● **WHAT TO WORK ON**
Restate all entries word for word, minus pictures.

Stored items from a collection
====================

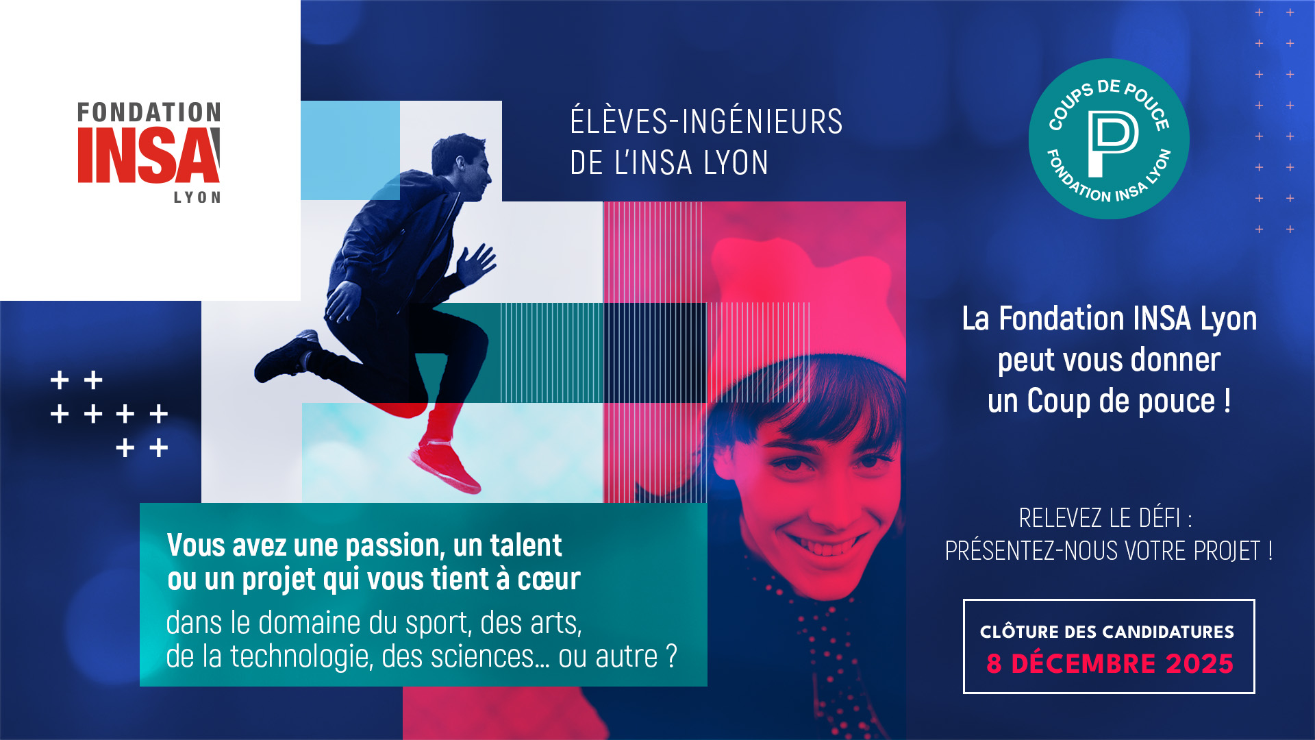 La Fondation INSA Lyon ouvre l’édition 2026 de son appel à projets Coups de Pouce et invite tous les élèves-ingénieurs à saisir cette opportunité pour donner vie à leurs passions et ambitions.
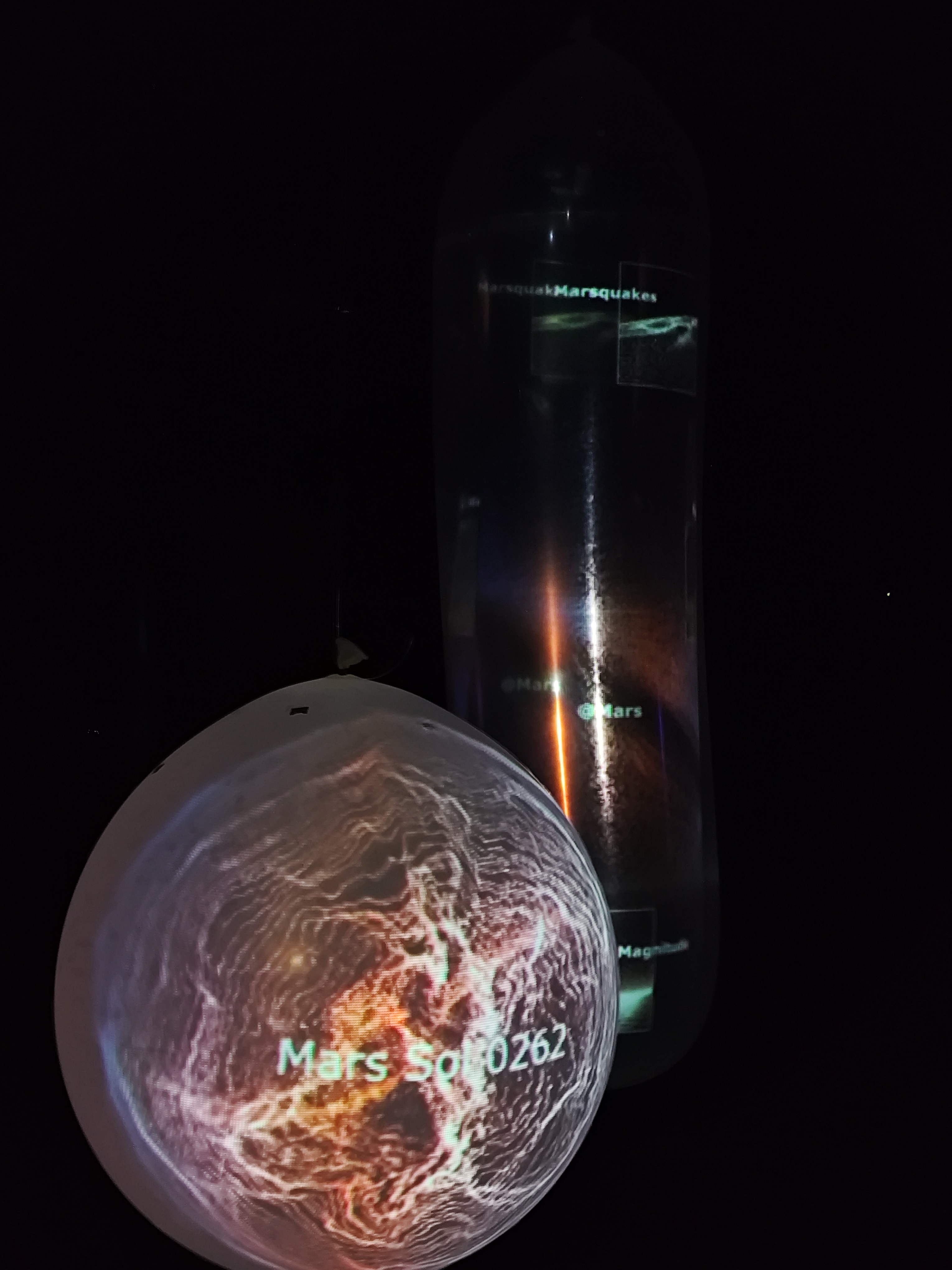 Magnetic field behavior is based on InSight magnetometer data. The total magnetic field strength is calculated and used to control the deformation of magnetic lines.
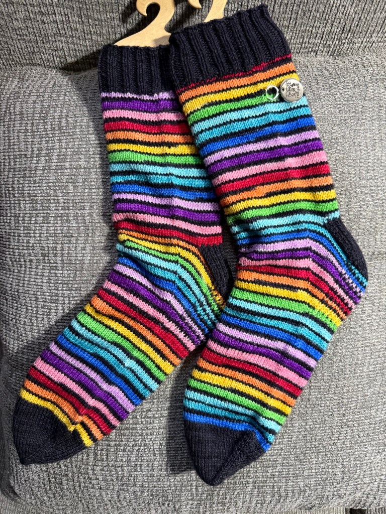 I managed one FO early in the month. When I last posted, I was very close to the contrast cuff on my rainbow vanilla socks.
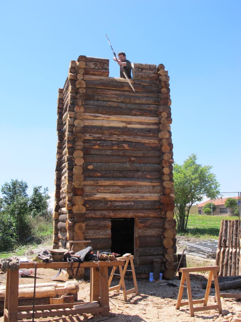 As we raised to the desired height (two floors 7,5 m) we proceeded to cut the crenels on the top of the tower. But how many and how wide did these have to be? We could see depicted in Saint Peter’s Roda Bible a wooden tower with crenels, but the solution came from experimentation: we took a bow and measured the space that the archer needs to work the bow. The result was a single space crenel of about 3 Carolingian feet.
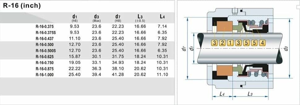 R-16 - це одинарне торцеве сильфонне ущільнення (сальник) до дюймових валів. Використовується при температурах від -30 до + 180°С, з тиском до 1 МПа і швидкістю обертання до 10 м/сек.
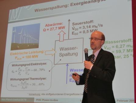 An die Vorstellung, was machen wir, wenn wir keine fossilen Energieträger mehr hätten, schloss Kai Sundmacher vom MPI für Dynamik komplexer technischer Systeme aus Magdeburg an – sein Thema: „Power-to-gas: Energetik, Dynamik, Systemdesign, Akzeptanz“. Alle Wandlungsschritte seien mit Verlusten verbunden. Also müsse – Stichwort Netzausbau – möglichst viel Energie direkt zu den Verbrauchern geschickt werden. Waaserstoff besitze nur ein Drittel der Energiedichte von Erdgas – Batterien und Pumpspeicher viel weniger. Die höchste Energiedichte hätten flüssige Kraftstoffe.
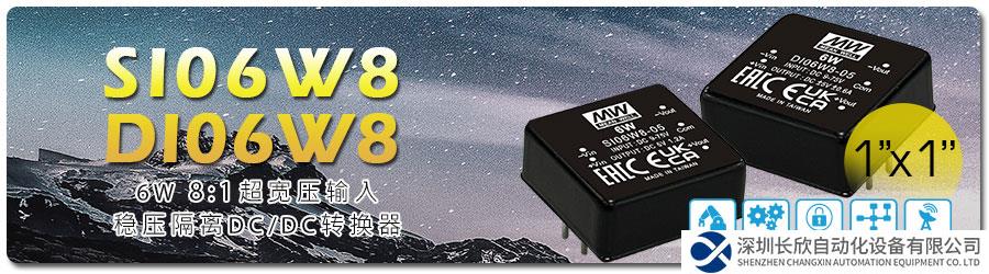明纬继推出 1" x 1" 6W/15W/20W/30W 4:1 宽压输入 DC/DC 转换器后广受好评,为满足 1" x 1" 输入范围更宽压的需求,新推出了 8:1 输入 6W 的单组输出 SI06W8 及双组输出 DI06W8 系列。

====================

● **SOLUTION TO THIS EXERCISE**
 La Fondation INSA Lyon ouvre l’édition 2026 de son appel à projets Coups de Pouce et invite tous les élèves-ingénieurs à saisir cette opportunité pour donner vie à leurs passions et ambitions.
 Magnetic field behavior is based on InSight magnetometer data. The total magnetic field strength is calculated and used to control the deformation of magnetic lines.
 I managed one FO early in the month. When I last posted, I was very close to the contrast cuff on my rainbow vanilla socks.
 As we raised to the desired height (two floors 7,5 m) we proceeded to cut the crenels on the top of the tower. But how many and how wide did these have to be? We could see depicted in Saint Peter’s Roda Bible a wooden tower with crenels, but the solution came from experimentation: we took a bow and measured the space that the archer needs to work the bow. The result was a single space crenel of about 3 Carolingian feet.
 R-16 - це одинарне торцеве сильфонне ущільнення (сальник) до дюймових валів. Використовується при температурах від -30 до + 180°С, з тиском до 1 МПа і швидкістю обертання до 10 м/сек.
 An die Vorstellung, was machen wir, wenn wir keine fossilen Energieträger mehr hätten, schloss Kai Sundmacher vom MPI für Dynamik komplexer technischer Systeme aus Magdeburg an – sein Thema: „Power-to-gas: Energetik, Dynamik, Systemdesign, Akzeptanz“. Alle Wandlungsschritte seien mit Verlusten verbunden. Also müsse – Stichwort Netzausbau – möglichst viel Energie direkt zu den Verbrauchern geschickt werden. Waaserstoff besitze nur ein Drittel der Energiedichte von Erdgas – Batterien und Pumpspeicher viel weniger. Die höchste Energiedichte hätten flüssige Kraftstoffe.
明纬继推出 1" x 1" 6W/15W/20W/30W 4:1 宽压输入 DC/DC 转换器后广受好评,为满足 1" x 1" 输入范围更宽压的需求,新推出了 8:1 输入 6W 的单组输出 SI06W8 及双组输出 DI06W8 系列。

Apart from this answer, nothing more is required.